The Protected Audience Bidding and Auction services implementations on GCP and AWS are functionally similar. One key difference is that while AWS uses an internal load balancer to route traffic to the Bidding and Auction services, GCP uses a service mesh. Another key difference is that the GCP packaging pipeline creates a Docker image, while the AWS packaging pipeline creates an Amazon Machine Image.
The Protected Audience Bidding and Auction services will be open-sourced in June 2023. In addition to the code for each service, we will open source Terraform configurations and scripts that allow ad techs to easily deploy the services proposed in this document.
The seller operates a SellerFrontEnd service and an Auction service. These services are responsible for orchestrating the auction and communicate with a seller-operated Key/Value service and partner-operated BuyerFrontEnd services. Learn more about how these services work.
A trusted execution environment (TEE) provides a level of assurance for data integrity, data confidentiality, and code integrity using hardware-backed techniques for increased security guarantees for code execution and data protection. The TEE-based SellerFrontEnd service receives its requests from a Seller Ad service. These requests can be either HTTP or gRPC. See the Envoy component to learn how HTTP requests are translated to gRPC. Then network requests are sent to all configured buyer front ends and Key/Value services. The following diagram provides an overall view of the system.
Figure 1. Seller GCP ArchitectureA buy-side ad tech is responsible for operating a BuyerFrontEnd service, a Bidding service, and a Key/Value service. A request begins with a gRPC message from a SellerFrontEnd service. The major subsequent steps include fetching data from the buyer-operated Key/Value service and generating bids for the ads that are present in the request. Learn more about the demand-side platform system. The following diagram provides an overall view of the system.
Figure 2. Buyer GCP ArchitectureThe Bidding and Auction services are regional services, where a ‘cloud region' refers to a particular geographical location as defined by GCP. We'll open source Terraform configurations to support deployment in multiple regions in different geographies. Ad techs can deploy services in any region supported by GCP. The Terraform configurations include parameters that an ad tech can update before deploying to a different cloud region. Note that even though the services are regional, the Terraform configurations show how to make use of global load balancers and service meshes to achieve multi-region coverage.
Identity and Access Management (IAM) is used to securely control who has access to your GCP resources. You can use IAM to create and manage users, groups, and permissions. You can also use IAM to audit access to your resources.
The default Terraform configuration requires a service account for each GCE instance. The service account is bound to an IAM role, which the GCE instance inherits.
A virtual private cloud (VPC) is an isolated resource within a public cloud. Sellers and buyers should start with 1 global VPC. A VPC is critical for security purposes and provides configurable firewall rules (which can be found in the Terraform modules).

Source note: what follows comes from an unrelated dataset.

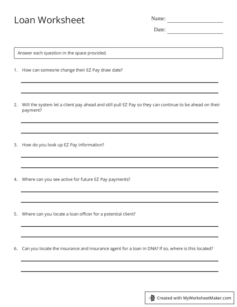 Loan Worksheet My Worksheet Maker: Create Your Own Worksheets

Each buyer and seller should have 1 private subnet per region. By hosting most components in the private subnet, the service has extra protection from internet traffic. However, the buyer and seller's load balancers must face the public internet. Like VPCs, subnets rely on firewall rules for network security.
Firewall rules are used to control which types of traffic flow to which ports in the VPC. Key security group rules allow for egress and ingress traffic to flow from the load balancers to GCE Instances, and GCE instances to send network requests to external services.

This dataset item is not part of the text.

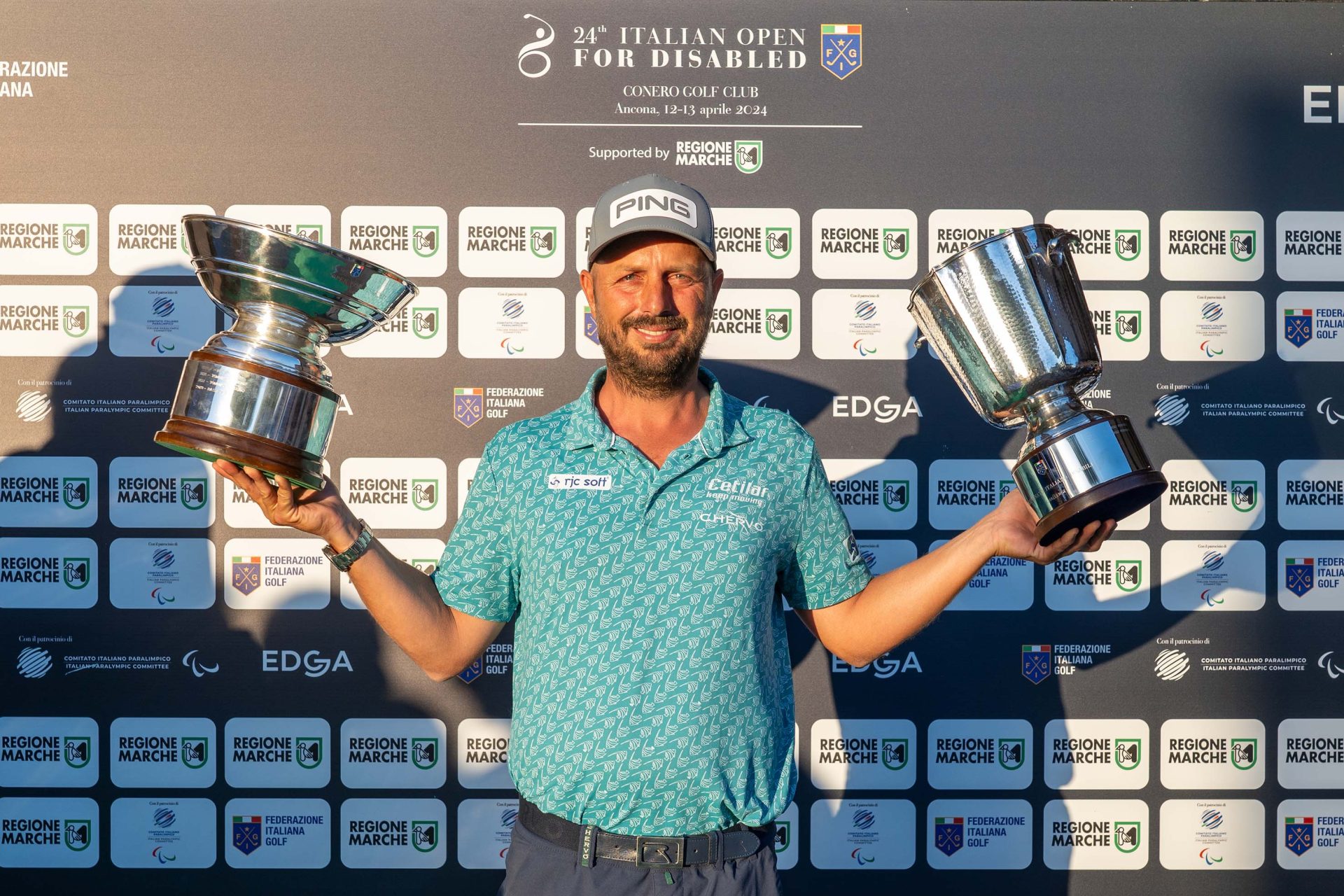 Al Conero Golf Club ha vinto per la quarta volta il torneo, firmando anche il suo quarto successo nel Campionato Italiano. Nella strokeplay pareggiata successo del tedesco Reinhard Berer e nella stableford titolo a Mario Gazzetta, Tommaso Perrino ha vinto con 143 (70 73, +1) colpi l’Open d’Italia Disabili supported by Regione Marche, torneo internazionale dell’European Disabled Golf Association disputato al Conero Golf Club (par 71) di Sirolo. Un trionfo per il livornese che ha fatto l’en plein conquistando anche il Campionato Italiano. Nel round conclusivo dell’evento, giunto alla 24ª edizione, il vincitore, leader dopo un giro, ha contenuto con un 73 (+2) il ritorno del camerunense Issa A Amang Nlareb, che ha provato a rimontare dalla terza piazza, ma che si è dovuto accontentare della seconda con 145 (73 72, +3). In terza posizione con 146 (+4) Nicola Maestroni, in quarta con 147 (+5) il tedesco René Schwenk e in ottava con 165 (+23) Vittorio Cascino e Davide Palestro.

Each region uses a managed instance group to host its GCE instances. The managed instance group uses an instance template to create or destroy instances based on health checks and autoscaling requirements. Autoscaling is based on CPU utilization and is configurable in the terraform variables, including specifying a minimum and maximum number of instances per instance group. Health checks are configured such that managed instance groups will detect mal-performing VM instances and auto-heal.

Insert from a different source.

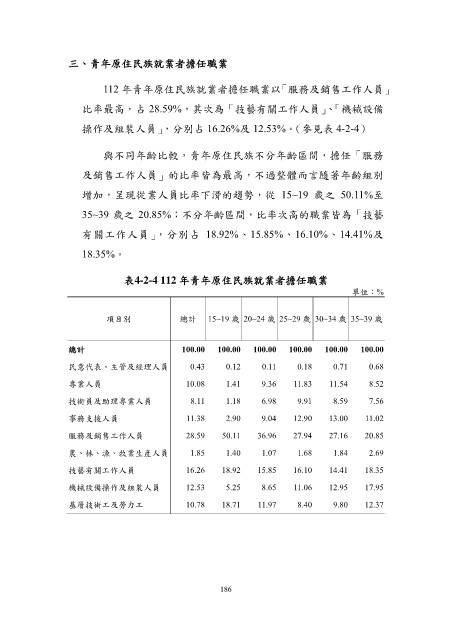 表4-2-4 112 年青年原住民族就業者擔任職業

A GCP Backend Service is a global resource consisting of all regional managed instance groups for a particular service. Backend services work in tandem with load balancers and are responsible for routing a request to the correct instance.
The buyer and seller frontend services both use a Global External Load Balancer.
The SellerFrontEnd load balancer accepts both HTTP and gRPC traffic over TLS, while the BuyerFrontEnd load balancer accepts gRPC traffic only. Both services' load balancers accept internet traffic. Load balancers terminate TLS, then start a new TLS session with the GCE instance provided by the load balancer's GCP Backend Service. Note that root certificates for the Load Balancer and Backend Service are not verified.
The SellerFrontEnd and BuyerFrontEnd both communicate with the Auction and Bidding services, respectively, via the Traffic Director gRPC proxyless service mesh. This bypasses any need for an internal load balancer and saves on dedicated load balancer costs. Specifically, the SellerFrontEnd and BuyerFrontEnd use gRPC's built-in xDS capabilities to query the Traffic Director control plane service and find routes to available backend services. Each front end relies on the Traffic Director to distribute its requests to the appropriate backend service, based on utilization and regional availability. While the service mesh itself is a global resource, it automatically routes requests based on region. Because the requests are internal to the VPC and subnet, they are sent as plaintext gRPC.
The GCE Host is also known as an ‘instance.' The instance runs in a Confidential Computing Space, which is created via a Docker image containing the service binary and startup scripts. The instance's open ports are identical to those exposed by the Docker image and are the only ports on which incoming connections are supported; connections initiated from inside the Confidential Space workload support both ingress and egress. Individual GCE instances belong to a Managed Instance Group.
In order to support incoming connections, the minimum Confidential Space image version is 230600
under the confidential-space-images
project and in the confidential-space
and confidential-space-debug
families.
Inside the seller's front-end service GCE Host Confidential Space, we provide an instance of the open source Envoy proxy. This is solely used to convert HTTP traffic to gRPC that the SellerFrontEnd service can consume. Envoy terminates TLS and then forwards the plaintext request to the seller's port. The envoy configuration is included in the TEE and can only be modified in a limited way by the operator (such as by providing TLS keys and certificates).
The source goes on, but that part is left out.